Referent: Jan Martin Tönshoff, M.Sc.
           Lehrstuhl für Logik und Theorie diskreter Systeme (Informatik 7)

Thema: Deep Learning on Graphs: Developing and Understanding Neural Architectures for Structured Data

Abstract:

Graph Neural Networks (GNNs) have recently emerged as a powerful class of deep
learning architectures that can directly learn from graph-structured data. Such
data naturally occurs in a wide range of structurally rich learning domains, such
as computational chemistry or social network analysis. This thesis aims to study
both practical and theoretical aspects of GNNs, with a focus on understanding
their capabilities for solving hard learning tasks, exploring new directions for GNN
architecture design, and understanding the relative strengths and weaknesses of
commonly used models. In this context, we present our main research contributions:

Firstly, we propose a GNN-based approach for learning heuristics for Constraint
Satisfaction Problems (CSPs) through a general graph representation and neural
architecture. Using reinforcement learning, we show that this approach can learn
powerful search algorithms, achieving superior performance compared to prior
neural methods and being competitive with classical solvers on a range of complex
combinatorial problems.

Secondly, we examine a novel GNN architecture based on 1D convolutions on
sequential features constructed from random walks. We analyze the expressivity
of this approach and prove it to be incomparable to the Weisfeiler-Leman hierarchy
and many common GNN architectures. The model is further shown to achieve
strong empirical performance across various tasks, suggesting a new direction for
GNN architecture design beyond traditional message passing.

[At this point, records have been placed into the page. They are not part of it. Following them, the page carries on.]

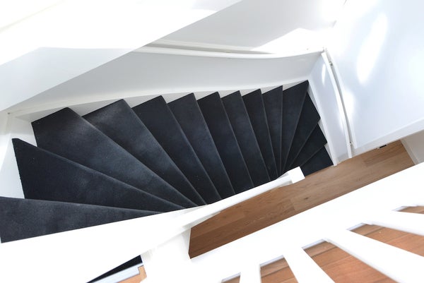 Eingang auf Straßenniveau. Treppe zum ersten und zweiten Stock.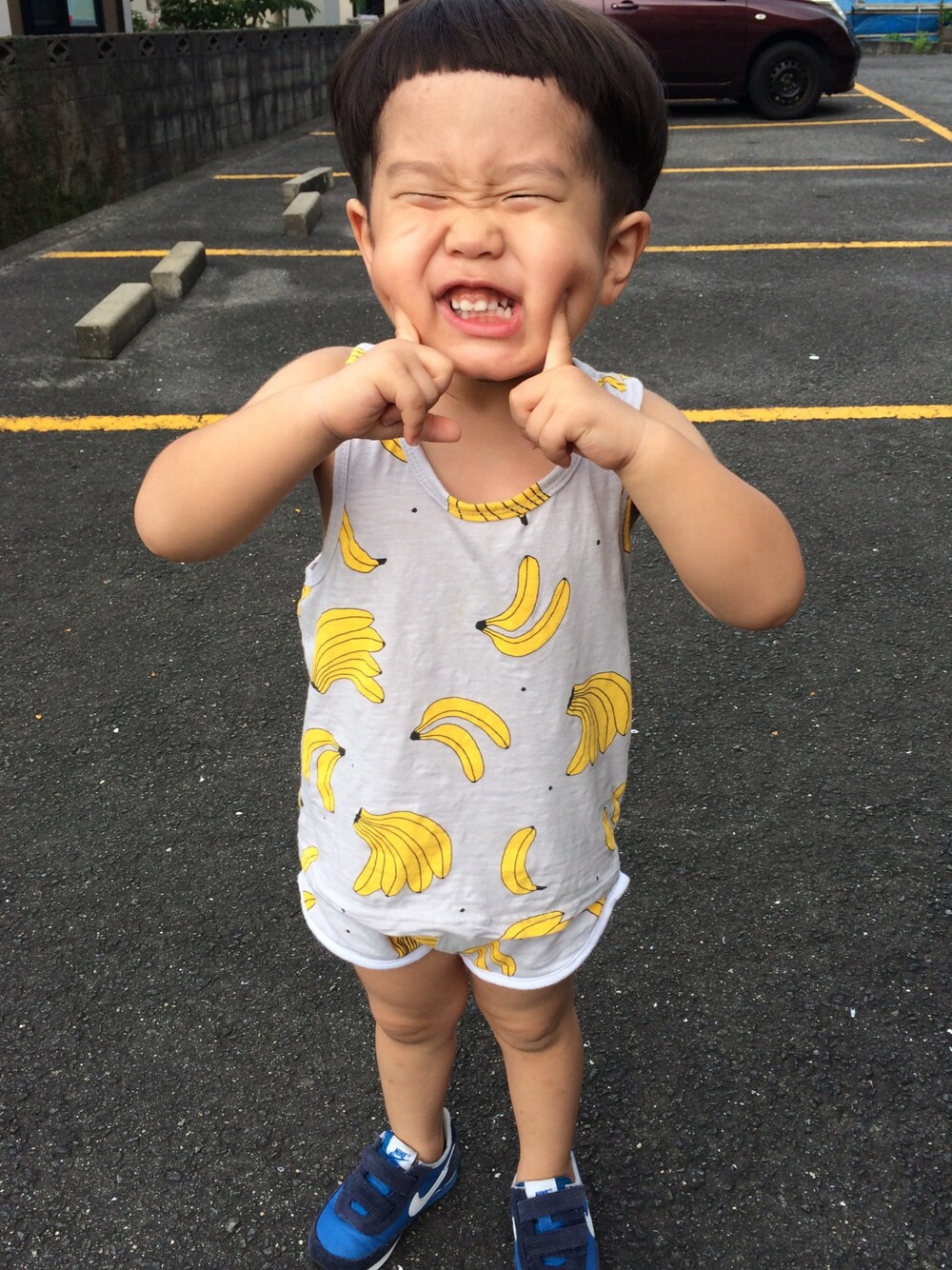 バナナんバナナんバーナーナー🎶 好きな食べ物はバナナです🍌笑 子供のセットアップかわいすぎる。 何歳までいけるんだろう、、、、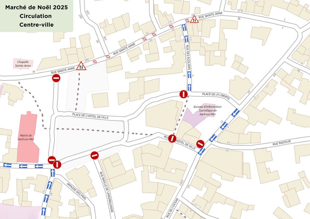 Le centre-ville se prépare à accueillir le marché de Noël : la circulation et le stationnement seront temporairement perturbés du 17 au 23 décembre 2025.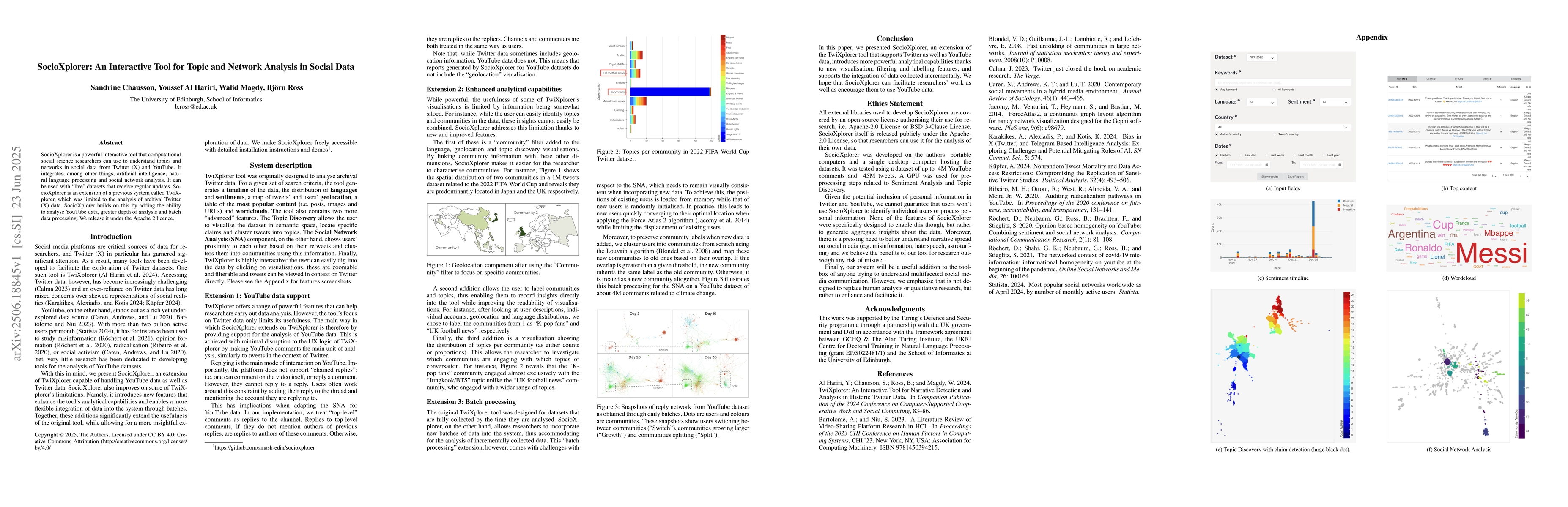 SocioXplorer is a powerful interactive tool that computational social science researchers can use to understand topics and networks in social data from Twitter (X) and YouTube. It integrates, among other things, artificial intelligence, natural language processing and social network analysis. It can be used with ``live" datasets that receive regular updates. SocioXplorer is an extension of a previous system called TwiXplorer, which was limited to the analysis of archival Twitter (X) data. SocioXplorer builds on this by adding the ability to analyse YouTube data, greater depth of analysis and batch data processing. We release it under the Apache 2 licence.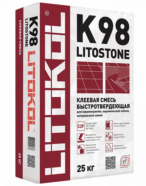 LITOSTONE K98, клей быстротвердеющий для плитки, керамогранита и камня (класс С2 F)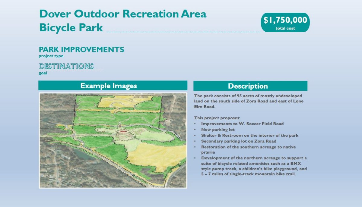 Joplin submitted plans for park development of nearly 100 acres south of Zora Avenue and east of Lone Elm Road that will include bicycle-related amenities such as a BMX style pump track, a children’s bike playground, and 5 – 7 miles of single-track mountain bike trail.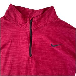 Nike Dri-FIT 1/4 Zip Long Sleeve Shirt Red Mens M Running Training Top Gym Walk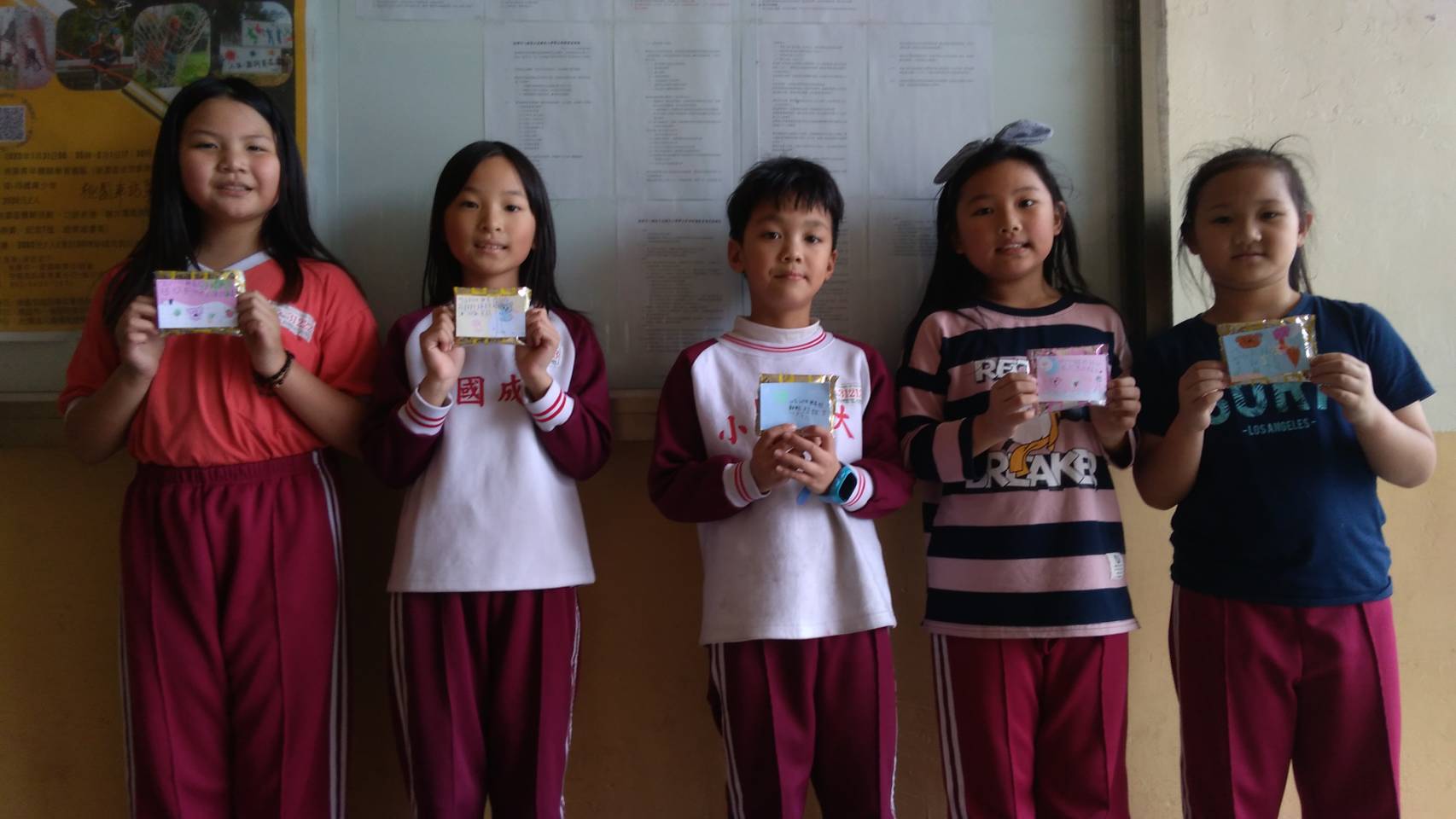 312班邱沛萱老師帶領班級小朋友繪製小卡並分送給校內的班級及行政老師,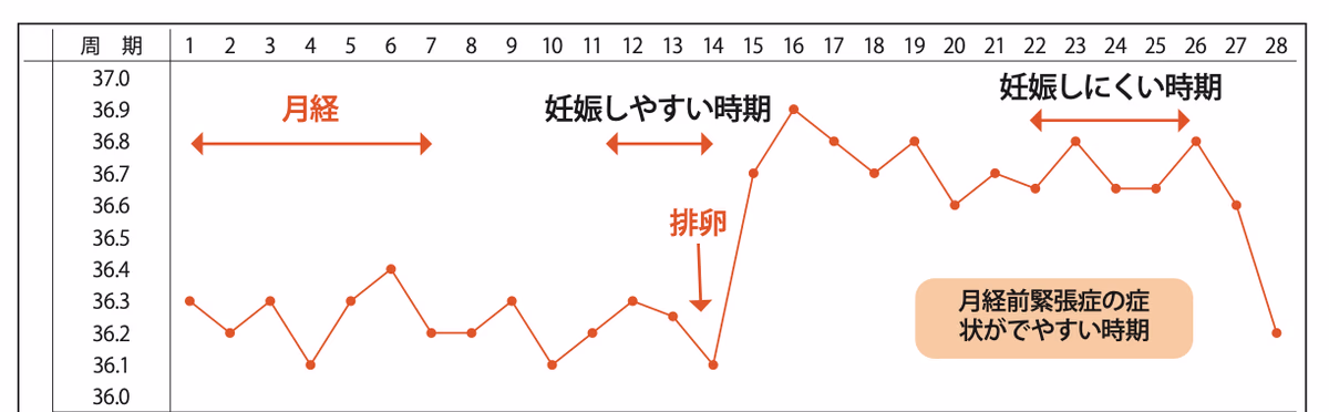 生理周期が28日の場合、生理が始まって14日後に体温が上がる(=排卵日)メカニズムです。以下の手順にそって基礎体温を測りましょう。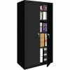 Clean, contemporary style and durable construction makes this steel storage cabinet perfect for office or warehouse environments. Made of durable cold rolled steel using 24 gauge steel body reinforced with a 22 gauge steel frame. Reinforced doors include 3-point locking system with die cast chrome plate locking handles for security. Locking flat bar rods include nylon guides for smooth door operation. 22 gauge steel shelves are height adjustable at 2 increments. 150 lb. shelf capacity. Wardrobe Cabinet features one full width fixed shelf and one full width garment rod. Durable powder coat finish. All Tennsco products are Proudly Made in the USA.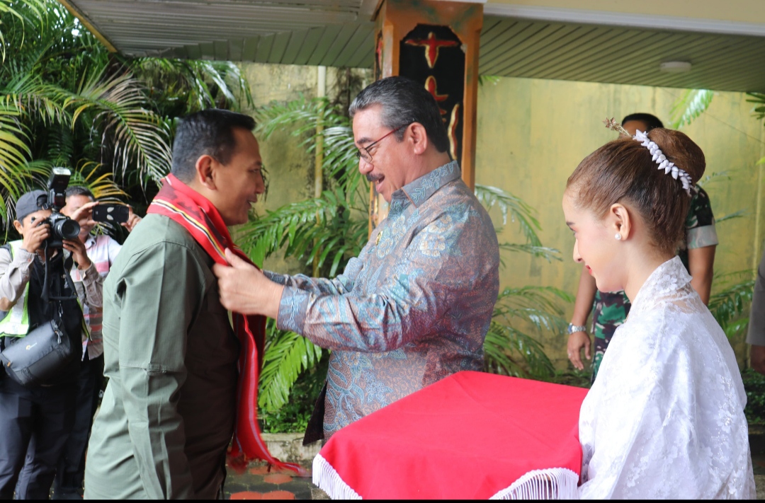 Ambon, MPNews.com – Gubernur Maluku Hendrik Lewerissa beserta Forkopimda menyambut kedatangan Wakil Menteri (Wamen) Kehutanan RI, Rohmat Marzuki,S.Hut yang tiba dengan menggunakan pesawat Wings Air IW 1181 pukul 12.44 WIT, dan prosesi penyambutan dilakukan dengan pengalungan kain tenun khas Maluku serta diiringi musik tifa totobuang bertempat di VIP Room Bandara Pattimura Ambon, Rabu (24/9/2025).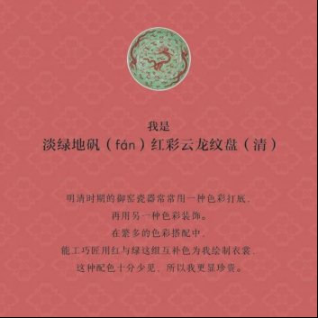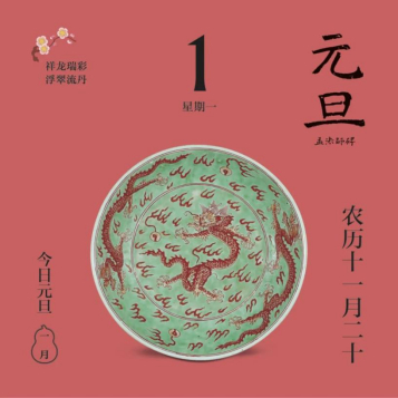 翻開(kāi)新年伊始的“元旦”頁(yè),映入眼簾的是一個(gè)綠色的盤(pán)子,上面有三條雄勁矯健的“龍爺爺”,它們來(lái)自清代吧!如意輕輕撕下日歷頁(yè)翻到反面,讀起文物小故事:“我是淡綠地礬(fán)紅彩云龍紋盤(pán)……”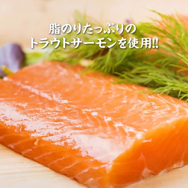 <原材料>サーモントラウト(アルゼンチン、ペルー、その他)、植物油脂/pH調整剤、トレハロース、酸化防止剤(V.C、V.E)
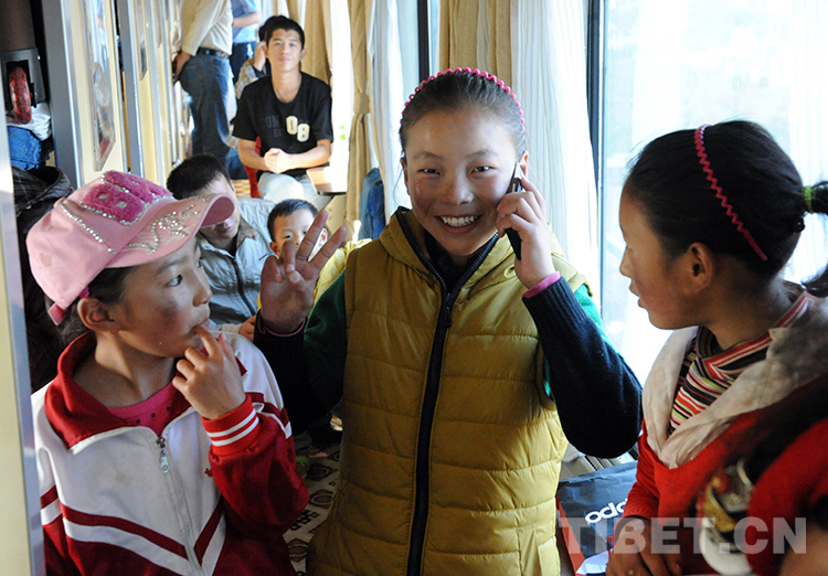 這是乘火車進京到北京安貞醫院進行先天性心臟病治療的患兒卓嘎,在火車將抵達北京時,給阿爸打電話報平安(唐召明2012年9月18日攝)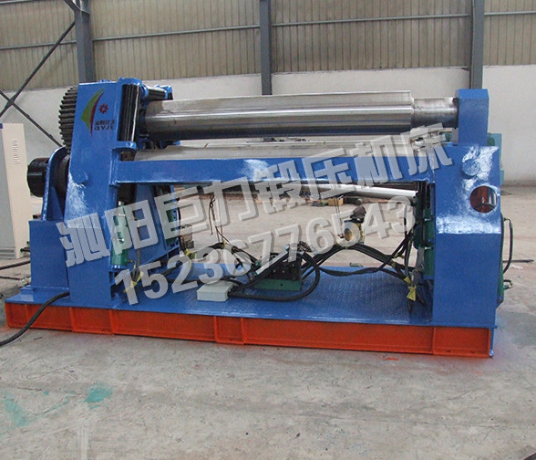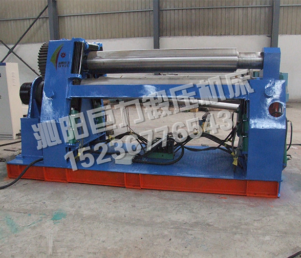 該機型的上輥固定,兩下輥呈傾斜狀做旋轉(zhuǎn)運動,兩下輥可以同時升降,也可以單升單降,用以完成板材的端部預(yù)彎。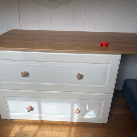 • montere medfølgende topplate og bruke den som en vanlig kommode. Da kan man eventuelt legge en standard 3-delt stellematte oppå.

Thirdly, we compare popular GNNs in the context of capturing long-range
dependencies in graphs. Through an empirical re-evaluation of commonly used
benchmark datasets, we show that standard GNNs based on message passing
perform better than previously reported. A theoretical comparison between Graph
Transformers and GNNs with Virtual Nodes further shows that neither architecture
subsumes the other in terms of uniform expressivity, highlighting the need to
consider a wide range of architectures for specific learning tasks.